Creating Cells#
examples/cells/01_create.py#
"""
Example: Creating cell specifications, instances, and measurements.
This example demonstrates the new nested cell specification API with:
- Structured ratings (capacity, voltage limits with units)
- Nested component/material definitions
- Quantity format for numeric properties (value + unit)
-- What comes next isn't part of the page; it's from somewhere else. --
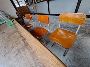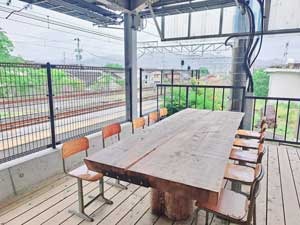 プラットフォームと繋がる、かつて駅舎として使われていた名残を感じるテラス席や、小学校でからの御下がりと思われる可愛い椅子が迎えてくれます。

- Measured properties on cell instances
"""
import os
from ionworks import Ionworks
import pandas as pd
client = Ionworks()
# Step 1: Create a new cell spec with nested component/material data
# The new API uses:
# - `ratings` object with Quantity format for electrical specs
# - Nested `anode`, `cathode`, etc. with `properties` and `material` objects
# - `Quantity` format: {"value": <number>, "unit": "<unit>"} for numeric properties
cell_spec = client.cell_spec.create_or_get(
{
"name": "NCM622/Graphite Coin Cell",
"form_factor": "R2032",
"manufacturer": "Custom Cells",
# Electrical ratings with units
"ratings": {
"capacity": {"value": 0.002, "unit": "A*h"},
"voltage_min": {"value": 2.5, "unit": "V"},
"voltage_max": {"value": 4.2, "unit": "V"},
"nominal_voltage": {"value": 3.6, "unit": "V"},
"energy": {"value": 7.2, "unit": "mW*h"},
"max_discharge_rate": {"value": 2, "unit": "C"},
"max_charge_rate": {"value": 1, "unit": "C"},
},
# Nested anode component with material
"anode": {
"properties": {
"diameter": {"value": 15, "unit": "mm"},
"thickness": {"value": 45, "unit": "um"},
"loading": {"value": 6.5, "unit": "mg/cm**2"},
"porosity": {"value": 35, "unit": "percent"},
"binder": "PVDF",
"conductive_additive": "Carbon Black",
},
"material": {
"name": "Graphite",
"manufacturer": "Customcells",
"definition": {
"type": "graphite",
"particle_size_d50": {"value": 15, "unit": "um"},
},
},
},
# Nested cathode component with material
"cathode": {
"properties": {
"diameter": {"value": 14, "unit": "mm"},
"thickness": {"value": 52, "unit": "um"},
"loading": {"value": 12.3, "unit": "mg/cm**2"},
"porosity": {"value": 30, "unit": "percent"},
"binder": "PVDF",
"conductive_additive": "Carbon Black",
},
"material": {
"name": "NCM622",
"manufacturer": "BASF",
"definition": {
"formula": "LiNi0.6Co0.2Mn0.2O2",
"type": "layered_oxide",
"specific_capacity": {"value": 180, "unit": "mA*h/g"},
},
},
},
# Nested electrolyte component with material
"electrolyte": {
"properties": {
"volume": {"value": 40, "unit": "uL"},
},
"material": {
"name": "LP57",
"manufacturer": "Gotion",
"definition": {
"type": "liquid",
"salt": "LiPF6",
"salt_concentration": {"value": 1.0, "unit": "mol/L"},
"solvents": ["EC", "EMC"],
"solvent_ratio": "3:7 w/w",
},
},
},
# Nested separator component with material
"separator": {
"properties": {
"diameter": {"value": 16, "unit": "mm"},
"thickness": {"value": 25, "unit": "um"},
"porosity": {"value": 40, "unit": "percent"},
},
"material": {
"name": "Celgard 2325",
"manufacturer": "Celgard",
"definition": {
"type": "trilayer",
"composition": "PP/PE/PP",
},
},
},
# Source/provenance information
"source": {
"creator_name": "Battery Lab",
"creator_orcid": "0000-0001-2345-6789",
"publication_date": "2024-01-15",
"license": "CC-BY-4.0",
},
# Other design properties
"properties": {
"assembly_method": "dry room",
"formation_cycles": {"value": 3, "unit": "dimensionless"},
},
"notes": "High-performance coin cell for rate capability testing",
"project_id": os.getenv("PROJECT_ID"),
}
)
print(f"Created cell spec: {cell_spec.name} (id: {cell_spec.id})")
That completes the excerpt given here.